Former Gov. Rod Blagojevich attempted to halt raises for judges in 2003, but the judges sued, won and now get annual raises based on a complicated formula determined by the U.S. Bureau of Labor Statistics. The state Supreme Court ruled that the governor and legislature would overstep their powers by taking away compensation from an equal and independent branch of the government. Since 2004, the four types of judges in Illinois have seen their pay increase an average of 21.5 percent.
According to state courts administration officials, judges will receive an automatic 0.9 percent cost-of-living increase next year. That amounts to a raise of $1,546 for associate judges, $1,627 for circuit judges, $1,773 for appellate judges and $1,884 for Supreme Court justices. Overall, that's an additional $1,551,969 for all current judges combined.
"It's a balancing act to where you want to pay the judiciary a salary that attracts and retains quality judges, but you don't want the salary to become so high that it's a motivation to run where you won't get individuals who want to be a judge for the right reasons," said state Sen. Kirk Dillard, a Hinsdale Republican who is minority spokesman for the judiciary committee. "It depends on the judge and jurisdiction. Some judges are grossly underpaid and some are grossly overpaid. We have a one-size-fits-all judicial salary template, which might need reviewing."
Some legislators suggested that geography should play a part in judicial salaries. Downers Grove Republican state Sen. Ron Sandack said a circuit court judge's salary goes a lot further in rural parts of the state than it does in Chicago and the collar counties.

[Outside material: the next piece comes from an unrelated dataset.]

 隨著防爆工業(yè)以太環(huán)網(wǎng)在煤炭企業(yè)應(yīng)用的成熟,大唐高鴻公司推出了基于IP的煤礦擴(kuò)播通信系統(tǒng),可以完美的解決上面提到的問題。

Caseload statistics presented in a 2010 report from the Supreme Court show wide variances of workloads between the state's 23 circuit court districts. On the high end, DuPage County led with 7,030 cases filed per judge, while judges in the downstate 8th District that includes Adams, Brown, Calhoun, Cass, Mason, Menard, Pike and Schuyler counties received an average of 2,518 cases per judge. In Cook County, trial judges averaged 3,710 cases filed per judge. Lake County trial judges averaged 6,217 cases in 2010 and McHenry County trial judges averaged 5,646 cases. The circuit court district that includes Kane, Kendall and DeKalb counties saw 5,326 new case filings per judge, according to the state report.

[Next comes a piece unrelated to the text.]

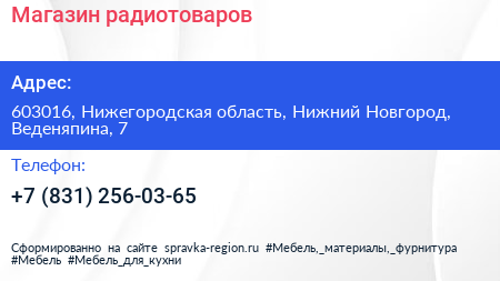 Магазин радиотоваров по адресу 603016, Нижегородская область, Нижний Новгород, Веденяпина, 7 в дальнейшем Организация, размещена в следующих категориях: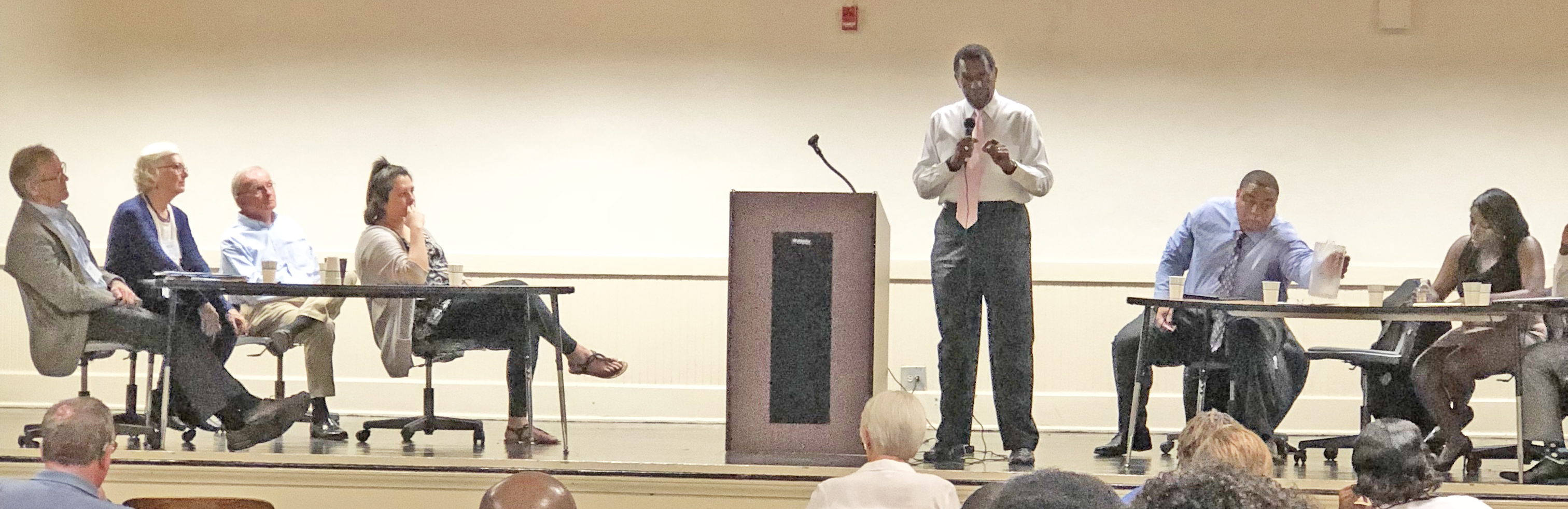 BLYTHEWOOD – Blythewood Democratic candidate forum organizer Stuart Andrews, left, emcee Arlene Andrews and moderators Buddy Price and Jamie Harkness listen as incumbent SC House...

"Then you're looking at where we're getting the most bang for the buck," Sandack said.
Geographic pay differentials are not uncommon nationally, said Greg Hurley, an analyst who tracks judicial salaries for the National Center for State Courts. But he noted the differentials generally account for a small percentage increase to the base pay of a judge.
"The level of court is going to dictate the amount you make as a judge, not the geography of where you're from," he said.
In Illinois, the legislature is also hamstrung in the number of judges the state has because the posts are constitutionally determined based on population. In the most recent census, some circuits lost judges, but more judicial positions were created than lost statewide, according to Tybor. That's despite a negligible population growth.
"There are 13 more associate (positions) than there were," he said.
That amounts to $2.2 million in additional judicial salaries. It's worth noting that not all associate judge positions in the state are currently filled, according to the state court administrator's website.
Yet another wrinkle is that the legislature has the ability to create circuit court judicial positions, but no authority to eliminate them. Legislators say the state's financial problems and the judiciary's unwillingness to forgo raises has made them much more hesitant to create judicial positions that aren't required by law. Some have tried to limit the growth and cost of the state's judiciary, but with little success.
"They're always asking for more judges, but we've tried to keep it under control as much as we can," said state Sen. Terry Link, a Waukegan Democrat. "The problem is, if you challenge them, you go in front of them."